Legge 22 aprile 1941 n. 633; artt. 2575-2583 c.c.
Come si è visto nella pagine precedenti, il diritto d’autore si compone di una sfera patrimoniale e di una sfera morale.
Il diritto patrimoniale d’autore comprende diverse facoltà che possono essere esercitate dall’autore, elencate, in via esemplificativa, dalla l.d.a.
L’art. 12 l.d.a. riconosce all’autore il diritto di utilizzare l’opera in qualunque forma, sia originaria, sia derivata (come nel caso, ad esempio, della traduzione).
I diritti di utilizzazione economica riconosciuti dalla l.d.a. sono: il diritto di riproduzione in più esemplari dell’opera (art. 13); il diritto di trascrizione dell’opera orale (art. 14); il diritto di esecuzione, rappresentazione o recitazione in pubblico (art. 15); il diritto di comunicazione al pubblico (art. 16); il diritto di distribuzione (art. 17); il diritto di elaborazione, di traduzione e di pubblicazione delle opere in raccolta (art. 18); il diritto di noleggio e di dare in prestito (art. 18-bis); il diritto di modificazione (art. 18, co. 3).

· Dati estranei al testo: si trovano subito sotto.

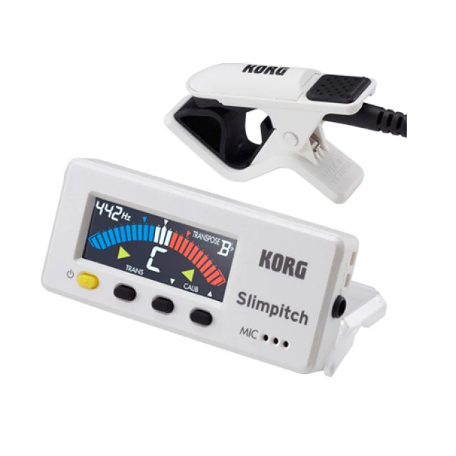 Korg Slimpitch Tuner Pearl/White | Mooloolaba Music Australia KORG Slimpitch Tuner: *Advanced color LCD for improved visibility *Compact design makes for easy portability *Dedicated mini-jack contact mic is included *Magnet allows the unit to be conveniently attached to your music stand *Protective cover can also be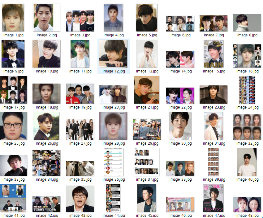 - "한국 남자 연예인 얼굴 사진"을 키워드로 크롤링한 결과입니다.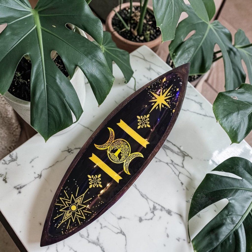 Vneste do svého rituálního koutku sílu měsíčních fází. Tato ručně opracovaná miska z indického mangového dřeva je uvnitř zdobena odolným smaltem s motivem Trojitého měsíce. Tento prastarý symbol představuje tři aspekty ženské energie – Pannu, Matku a Stařenu – a cyklus života, smrti a znovuzrození. Je ideální jako bezpečný a stylový podklad pro vykuřování, pálení vonných kuželů nebo jako oltářní miska pro vaše krystaly a talismany. Doplňte svou sbírku o tento jedinečný kousek. Spojení hřejivého mangového dřeva a chladivého smaltu s motivem Trojitého měsíce vytváří dokonalý kontrast. Tato miska je navržena tak, aby se stala srdcem vašeho oltáře nebo meditačního prostoru. Je odolná, lehká a každým pohledem vám připomene magii měsíčních cyklů. Perfektní dárek pro každou moderní čarodějku i milovníka orientálního stylu.

Tali facoltà sono disponibili. L’art. 107 l.d.a. prevede, infatti, che i diritti di utilizzazioni economica «possono essere acquistati, alienati o trasmessi in tutti i modi e forme consentiti dalla legge». L’autore, però, per avere la disponibilità su tali diritti deve aver compiuto i sedici anni.
L’atto di disposizione che riguarda una delle facoltà di cui agli artt. 13-18 l.d.a., non coinvolge, però, anche le altre. Ad esempio, se cedo il diritto di trascrizione dell’opera orale, ciò non significa che abbia ceduto anche il diritto di distribuzione o di traduzione (art. 19 l.d.a.). Quindi, sarà necessario che siano specificate, al momento della cessione o della trasmissione, quali facoltà rientrano nel contratto e quali, invece, ne sono escluse.

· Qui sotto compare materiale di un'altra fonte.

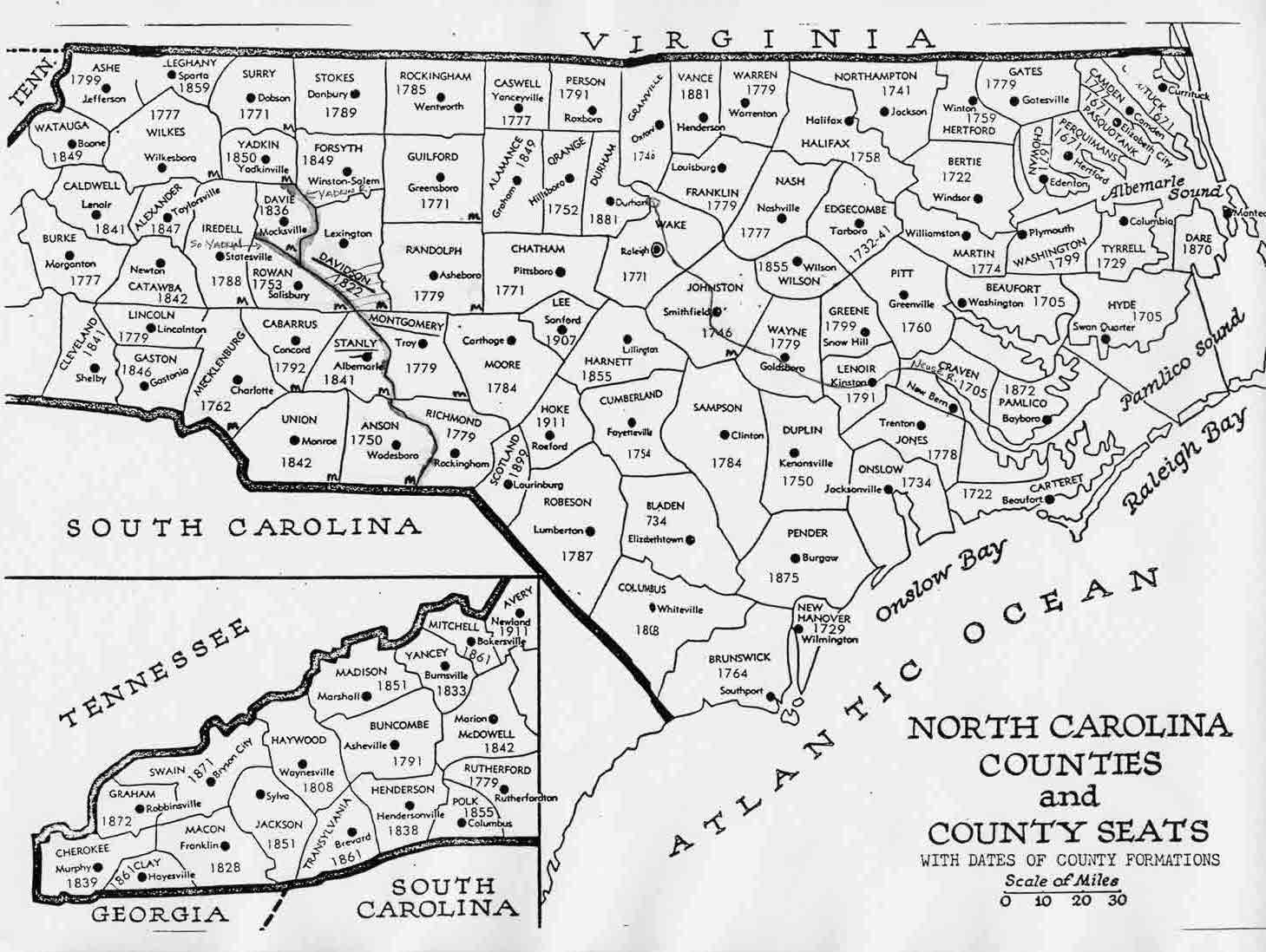 date unknown - North Carolina Counties and County Seats with Dates of Formation Size: 157Kb Drawn by: unknown Source: unknown

I contratti devono essere fatti per iscritto. Si tratta, però, di una forma ad probationem, che non influisce sulla validità del contratto concluso.
I diritti patrimoniali, infine, hanno una durata limitata nel tempo. Tale durata, però, è indipendente rispetto all’esercizio del diritto.
L’art. 25 l.d.a. dispone che i diritti di utilizzazione economica durano tutta la vita dell’autore e sino al termine del settantesimo anno solare dopo la sua morte.
In caso di opere in comunione, tale termine decorre dalla morte dell’ultimo dei coautori. Al contrario, laddove si tratti di opera collettiva, la durata dei diritti di utilizzazione economica spettante ad ogni collaboratore si determina sulla vita di ciascuno. Infine, in caso di opera anonima, i settanta anni decorreranno dalla pubblicazione dell’opera.
3.1. Il diritto morale d’autore.
Il diritto d’autore, oltre al diritto patrimoniale, abbraccia anche il diritto morale degli autori.
Il diritto morale ha alcune caratteristiche peculiari.
È inalienabile, irrinunciabile ed indisponibile. È nullo, quindi, il contratto con il quale un soggetto vende tali diritti a terzi o l’atto col quale un soggetto vi rinuncia. Il diritto morale, inoltre, può essere esercitato anche in caso di cessione dei diritti di utilizzazione economica.
Tuttavia, se l’autore, conoscendole, accetta determinate modifiche all’opera, non potrà in seguito impedire l’esecuzione o chiedere la soppressione delle opere stesse.
Il diritto morale è altresì imprescrittibile, atteso che l’eventuale mancato esercizio non comporta il venir meno del diritto.
Inoltre, non è soggetto a limiti di tempo. Dopo la morte dell’autore, infatti, le facoltà rientranti nel diritto morale possono essere esercitate, senza limiti di tempo ed anche disgiuntamente, «dal coniuge e dai figli e, in loro mancanza, dai genitori e dagli altri ascendenti e da discendenti diretti; mancando gli ascendenti ed i discendenti, dai fratelli e dalle sorelle e dai loro discendenti» (art. 23 l.d.a.). Agli eredi (ma anche ai legatari delle opere) spetta altresì il diritto di pubblicare eventuali inediti. L’autore, tuttavia, può espressamente vietare la pubblicazione delle sue opere inedite, così come può stabilire che detti inediti non siano pubblicati prima di una determinata data (art. 24).
Il diritto morale è composto da diverse facoltà: il diritto di paternità dell’opera (artt. 20 e 2577, co. 2); il diritto di rivelare la paternità dell’opera, in caso di opera anonima (art. 21); il diritto di opporsi a qualsiasi deformazione, mutilazione od altra modificazione, ed a ogni atto a danno dell’opera stessa, che possano essere di pregiudizio al suo onore o alla sua reputazione (art. 20); il diritto di inedito (art. 24); il diritto di ritiro dell’opera dal commercio qualora concorrano gravi ragioni morali (artt. 142 e 143).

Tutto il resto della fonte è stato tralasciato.